Experte zur Finanzkrise
„Das Leben in Köln wird teurer und die Leistungen werden schlechter“

4 min
Blick in den Ratssaal.

Blick in den Ratssaal.

Experte René Geißler spricht über die Finanzkrise, was die Bühnen-Sanierung damit zu tun hat und wo die Stadt es sich zu einfach macht. 

Herr Geißler, die Stadt Köln geht in den nächsten Jahren von jährlichen Verlusten von bis zu einer Milliarde Euro aus. Es sind riesige Summen, beginnend mit 811 Millionen Euro nächstes Jahr. Wie bewerten Sie das?

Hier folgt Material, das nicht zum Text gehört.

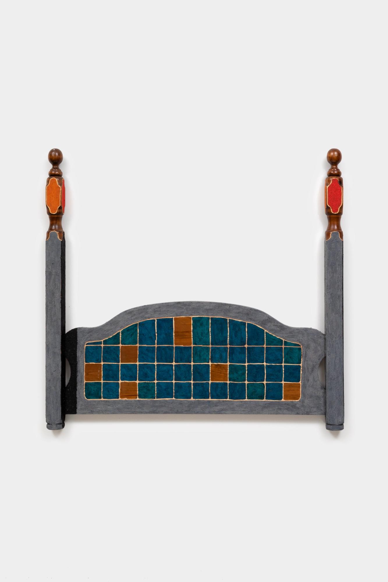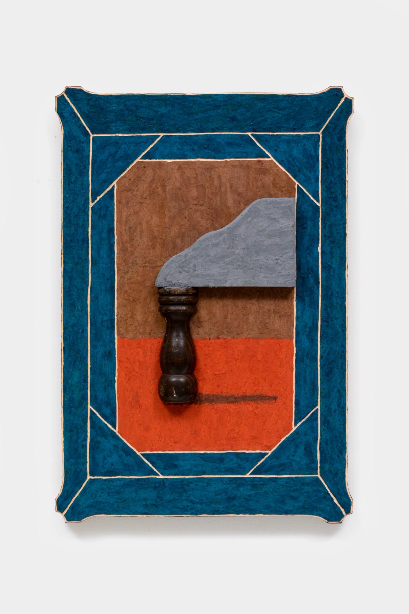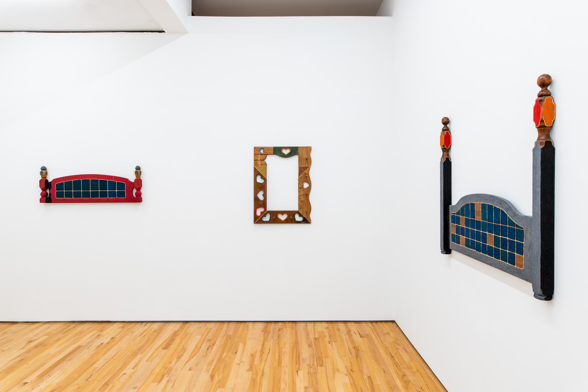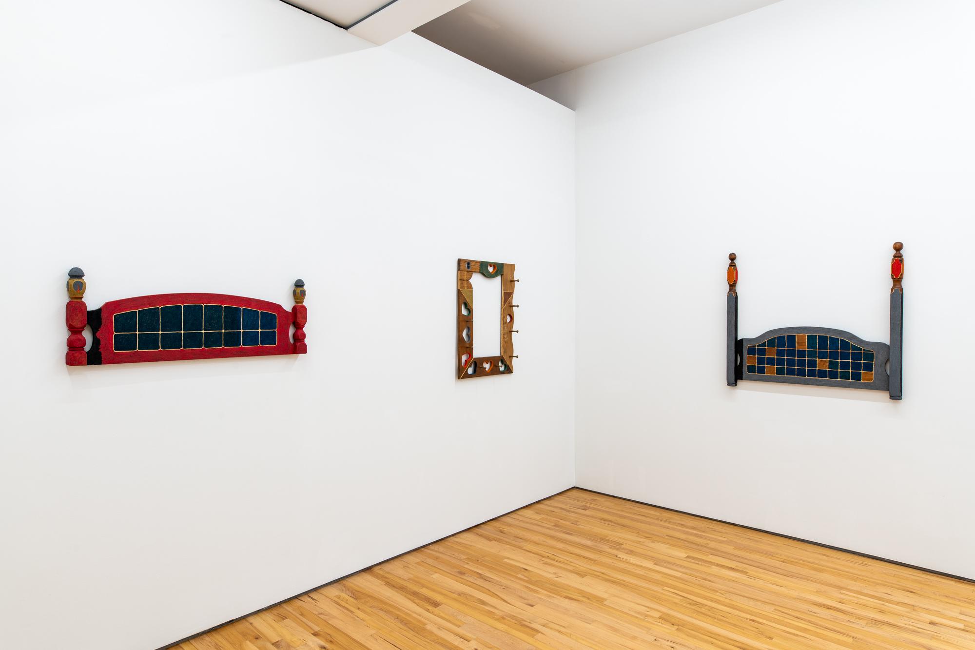 Flattened and recontextualized, his pieces become wall-bound works, existing in a space that tethers itself between outsider art and an instinctual, almost naive approach to making. The materials—crayons, discarded furniture, makeshift assemblages—echo a resourcefulness both genuine and urgent, as if each piece carries the residue of an era where nothing was wasted, only repurposed.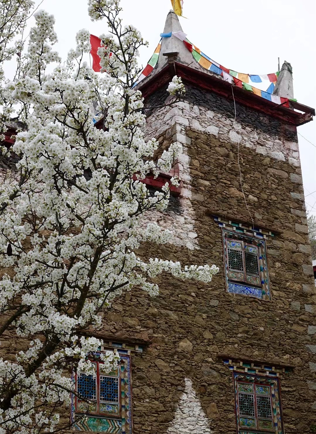 當(dāng)群山還披著皚皚白雪,春寒尚未消盡,甲居藏寨的梨花卻已悄然開(kāi)放。李仁奇 攝

Bei Ausgaben von 7,15 Milliarden Euro entspricht das mehr als zehn Prozent. Das ist ein erhebliches Haushaltsloch für jede Stadt. Und mit dem Blick auf die nächsten Jahre…

…die Stadt geht von Verlusten von insgesamt rund 4,3 Milliarden Euro bis 2031 aus.

In Summe kann man schon von einer dramatischen Haushaltslage sprechen. Auch weil die Verschuldung in Folge dessen nach oben geht mit den Folgeproblemen wie höheren Ausgaben für Zinsen.

René Geißler, 48, ist Professor für öffentliche Wirtschaft und Verwaltung an der Technischen Hochschule Wildau. Er promovierte zur Haushaltskonsolidierung in Kommunen und lehrt die Grundlagen der öffentlichen Finanzwirtschaft.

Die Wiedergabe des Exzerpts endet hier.